— А вы, дядя Федя, не мастер, случаем? — протянули гитару Федору. Протянули над костром, и пришлось взять.
Неделю еще какую-нибудь назад Чамин его и за костер не почел бы. Так. Мигалка. Фитиль. Ни пламени, ни дыму, ни искорок. На лесоповале костры, так костры жгут — дыра в небе прогорает, телогрейкой не заткнешь, и все-таки возле этого маленького экономного костерика ему сейчас было теплей и спокойней.
Федька принял гитару, чуть подался от огня, перебрал большим пальцем струны сверху донизу и обратно, проверяя настрой, ударил по всем сразу и тут же прикрыл ладонью отверстие, как рот зажал.
— Играет человек, видать, — прошептали сзади.
В шепоте какое-то таинство, предчувствие музыки, надежда услышать ее здесь и ожидание. Ожидание. А Федька сидел, зажав рот гитаре, и перебирал в памяти, что он может сыграть и спеть этим парням и девчатам хоть мало-мальски понятное. Перебрал в памяти, перебрал струны, не нашел ничего и все тупее смотрел на потухающий костерок.
— Играйте, чего ж вы гитару зря держите.
— А что вам сыграть?
— Что умеете.
— Боюсь, не подпоетесь.
— Подпоемся! Только попроще что-нибудь.
— Попроще? Тогда, может, «Метелки»?
— Да пожалуйста, хоть веники.
И про веники есть такая песня «Висят веники на бане», но этот, кто сказал «хоть веники», конечно, и не подозревал даже, что есть она, иначе бы не сказал.
А «Метелки»? «Метелки» вполне приличная бесхитростная песенка, пела ее Федькина мать когда-то, и не для кого-нибудь — для себя, потому что голос у Феклы был не ахти, никакой другой песни она не знала, другие у нее совсем не получались, а эту мурлыкала чуть ли не постоянно, временами надоедливо, а гляди-ка ты — вспомнилась тут вся до слова, и Федька с минуту всего, не больше, подбирал ее мотив. Да и какой там мотив? Лады перебирать не надо — бей по струнам всей пятерней потихоньку и пой.

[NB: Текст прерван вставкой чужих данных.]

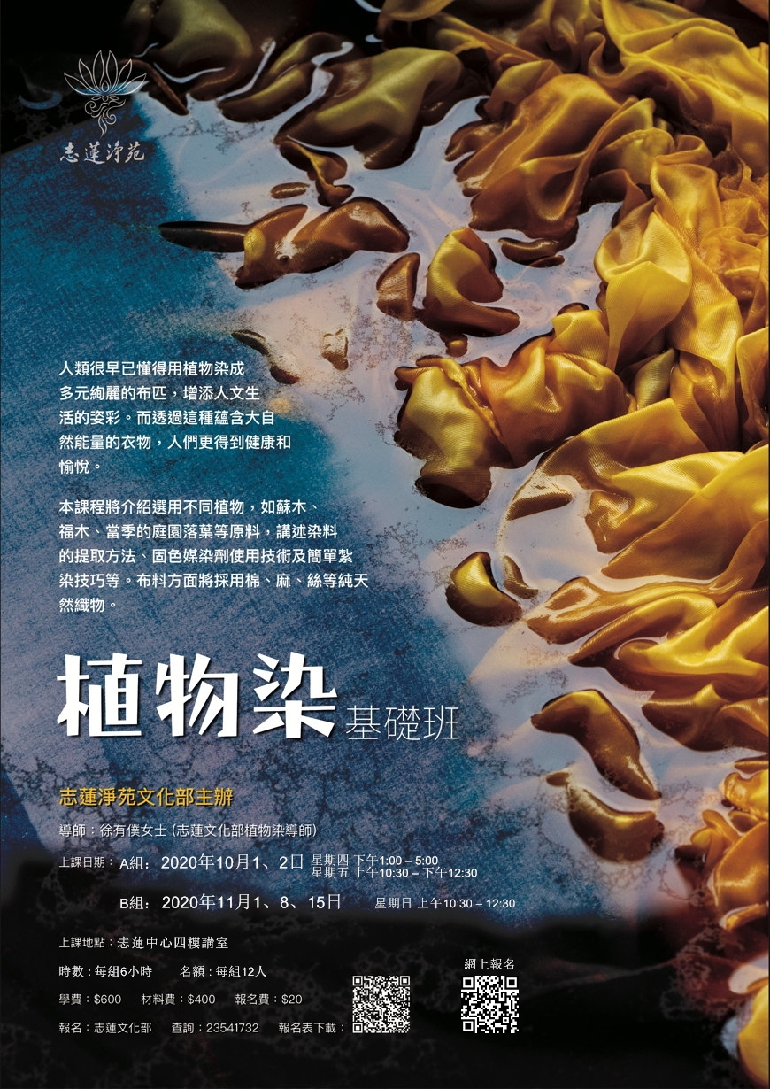 本課程將介紹選用不同植物,如蘇木、福木、當季的庭園落葉及藍泥、咖啡渣等作原料,講述染料的提取方法、固色媒染劑使用技術及簡單紮染技巧等。布料方面將採用棉、麻、絲等純天然織物。
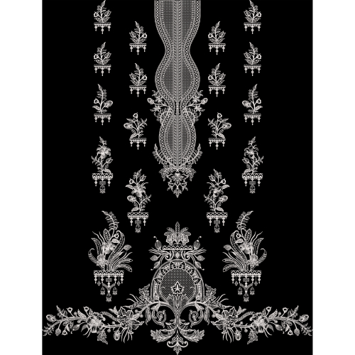 This textile print is ideal for formal wear, kurtis, dresses, abayas, kaftans, embroidered-style garments, and decorative fashion panels. The high-resolution detailing ensures suitability for premium digital textile printing and high-quality fabric applications.
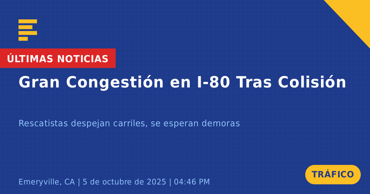 Un accidente de tráfico que involucró a dos vehículos ocurrió hoy en la Interestatal 80 Este en la Avenida Ashby en Emeryville, CA. El incidente, que involucró una camioneta Dodge negra y una Ram 1500 negra, provocó bloqueos significativos de carriles y congestión del tráfico durante las horas de la tarde.
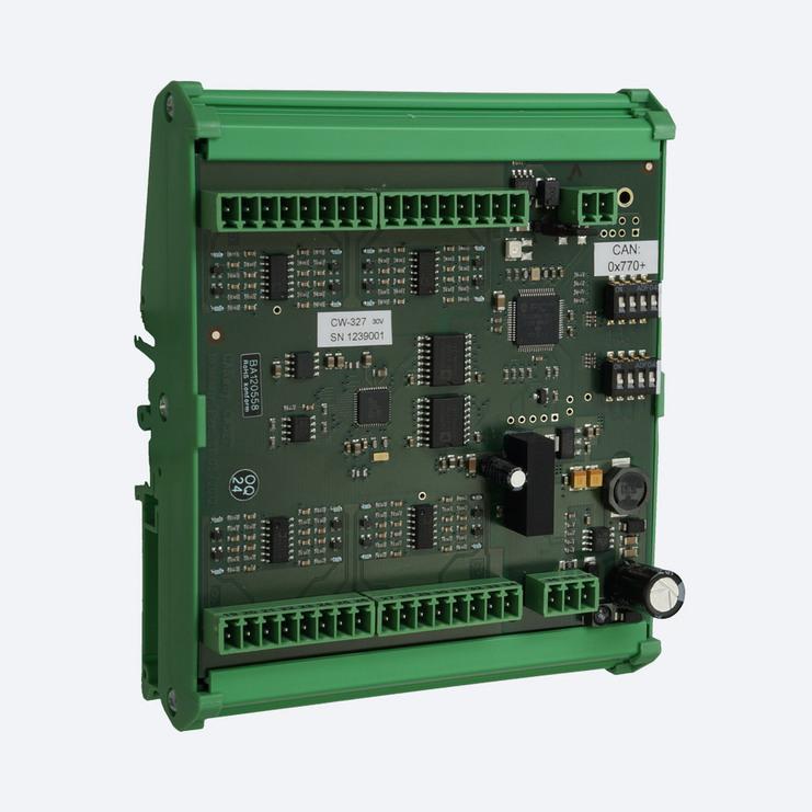 Mit dem CW-327 erweitert sich die CW-300er-Serie für Prüfstandstechnik um ein Modul zum Messen von 16 analogen Spannungen. Diese Spannungen können bei einer Auflösung von 16 Bit von 0 bis max. 60 VDC pro Kanal gemessen werden. Geräteeinstellungen, wie Baudrate des CAN-Busses, Ausgaberate, Spannungsbereiche und Sendemodi können komfortabel über CAN-Botschaften konfiguriert werden. Alle 16 Eingänge werden synchron abgetastet und auf dem CAN-Bus ausgegeben.
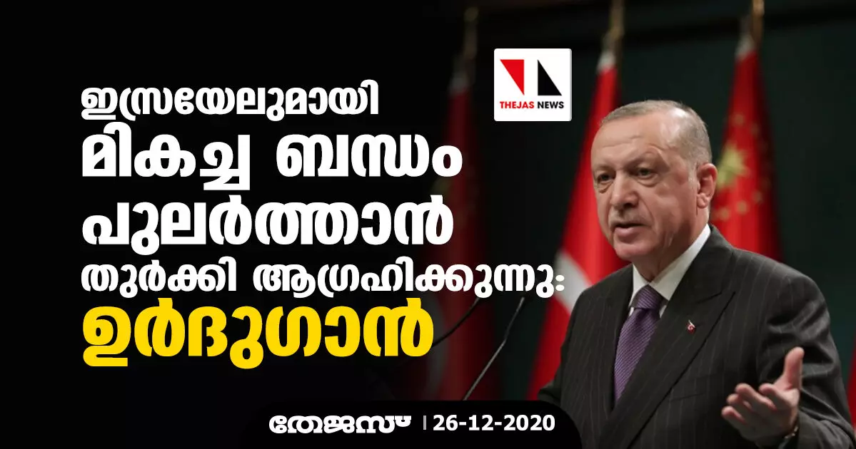 ഇസ്രായേലുമായി മികച്ച ബന്ധം പുലർത്താൻ തുർക്കി ആഗ്രഹിക്കുന്നു: ഉർദുഗാൻ
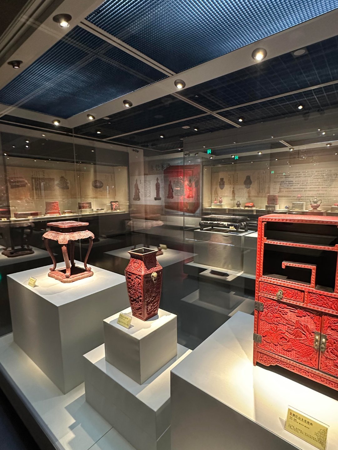 一楼是漆器博物馆,堪称“中国奢侈品展厅”。这里以精美的剔红漆器为主,藏品多为清代文物,也不乏创汇时期的精品,每一件都透着深厚的历史文化底蕴,远比普通奢侈品更有韵味。
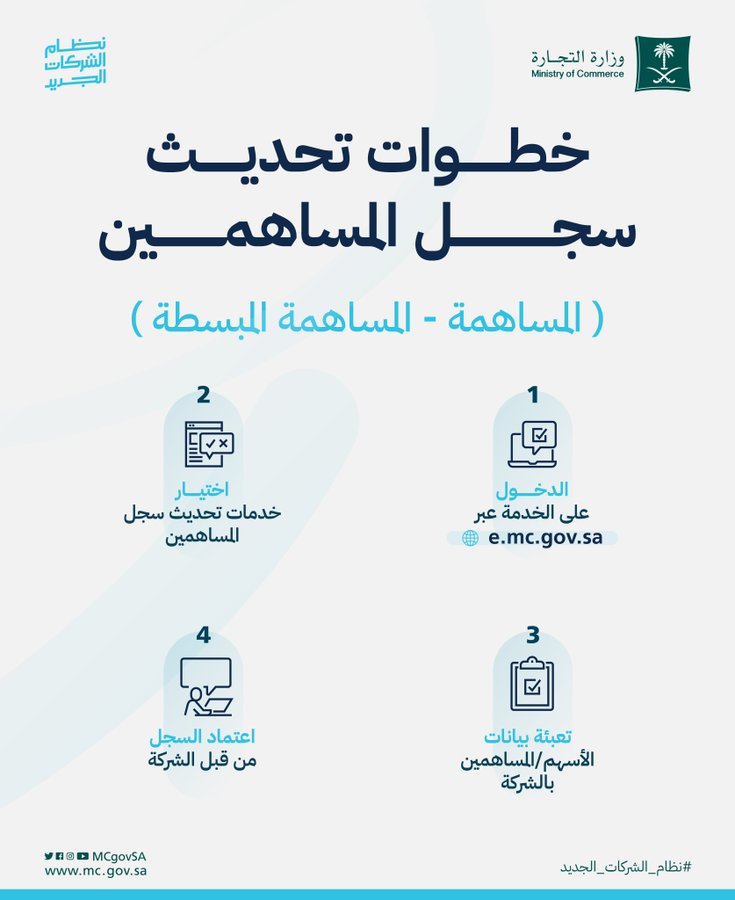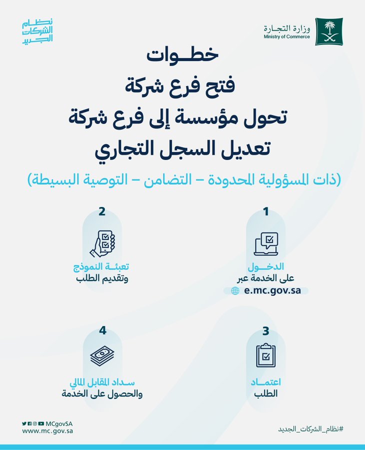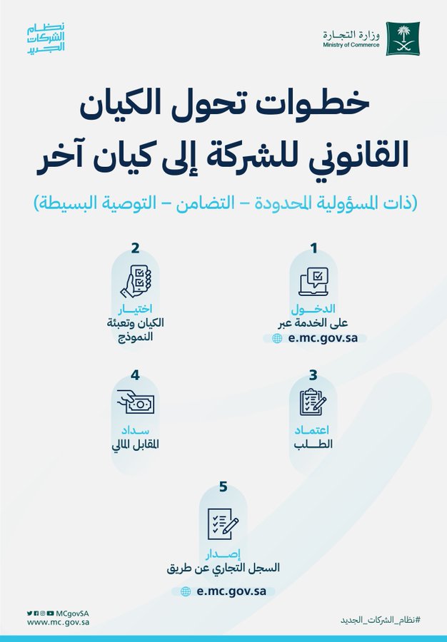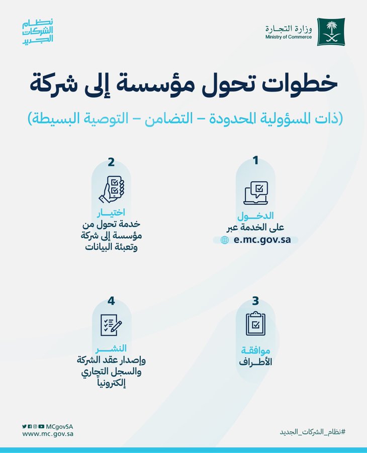 خدمات نظام الشركات أسس شركتك الجديدة الآن خدمة تأسيس شركة خدمة تحول مؤسسة إلى شركة خطوات تحول مؤسسة إلى شركة خطوات فتح فرع شركة خدمة تعديل عقود الشركات خدمة تعديل أوضاع الشركة خطوات تحول الكيان القانوني إلى شركة خطوات تحول الكيان القانوني للشركة إلى كيان آخر خطوات تحديث سجل المساهمين خطوات نشر قرارات الجمعيات غير العادية خطوات إحاطة الوزارة بالجمعية العامة خطوات تصفية الشركة خطوات شطب السجل التجاري لشركة أنجز خدمات شركتك إلكترونياً محتوى الصفحة آخر تعديل 10 ذو القعدة 1444 تقييم المحتوى عدد الأصوات: 14 شارك علىMC

начал Чамин несмело, но вторую строчку уже подхватили все, потому как со второй строчки шел припев. Сам шел.
А когда выяснилось, что припев и есть начало следующего куплета, песенка стала общей.

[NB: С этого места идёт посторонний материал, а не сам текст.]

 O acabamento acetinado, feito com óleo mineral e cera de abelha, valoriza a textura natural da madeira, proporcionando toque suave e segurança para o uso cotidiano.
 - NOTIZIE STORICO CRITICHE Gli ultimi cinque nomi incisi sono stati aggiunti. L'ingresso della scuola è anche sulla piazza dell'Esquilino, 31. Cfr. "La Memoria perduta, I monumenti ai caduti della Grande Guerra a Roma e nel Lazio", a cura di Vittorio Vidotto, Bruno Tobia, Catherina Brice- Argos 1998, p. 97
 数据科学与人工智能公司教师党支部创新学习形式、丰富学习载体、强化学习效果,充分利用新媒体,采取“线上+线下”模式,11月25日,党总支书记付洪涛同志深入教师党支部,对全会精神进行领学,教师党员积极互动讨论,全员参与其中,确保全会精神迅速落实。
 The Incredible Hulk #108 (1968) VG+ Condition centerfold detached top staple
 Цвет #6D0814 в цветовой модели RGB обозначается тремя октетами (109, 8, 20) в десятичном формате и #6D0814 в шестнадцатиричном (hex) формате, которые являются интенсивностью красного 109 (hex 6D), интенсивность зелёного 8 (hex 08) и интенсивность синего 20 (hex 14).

Анатолия заметили, кивнули, дескать, в круг с нами, потеснились, выкраивая место у огонька, в который бережливо подгребал Вася Тятин колышком огарки таких же колышков.
«Это они не планировку ли жгут», — похолодел у костра Белопашинцев.
А вокруг него пели, дирижируя сами себе.
— Пойте, во песня, — уложился Вася Тятин во время паузы между куплетами, чтобы подтолкнуть, сказать и большой палец еще показать Анатолию.
«Обожди, я вот узнаю, что колышки твоя работа, я тебе спою», — посулил Белопашинцев.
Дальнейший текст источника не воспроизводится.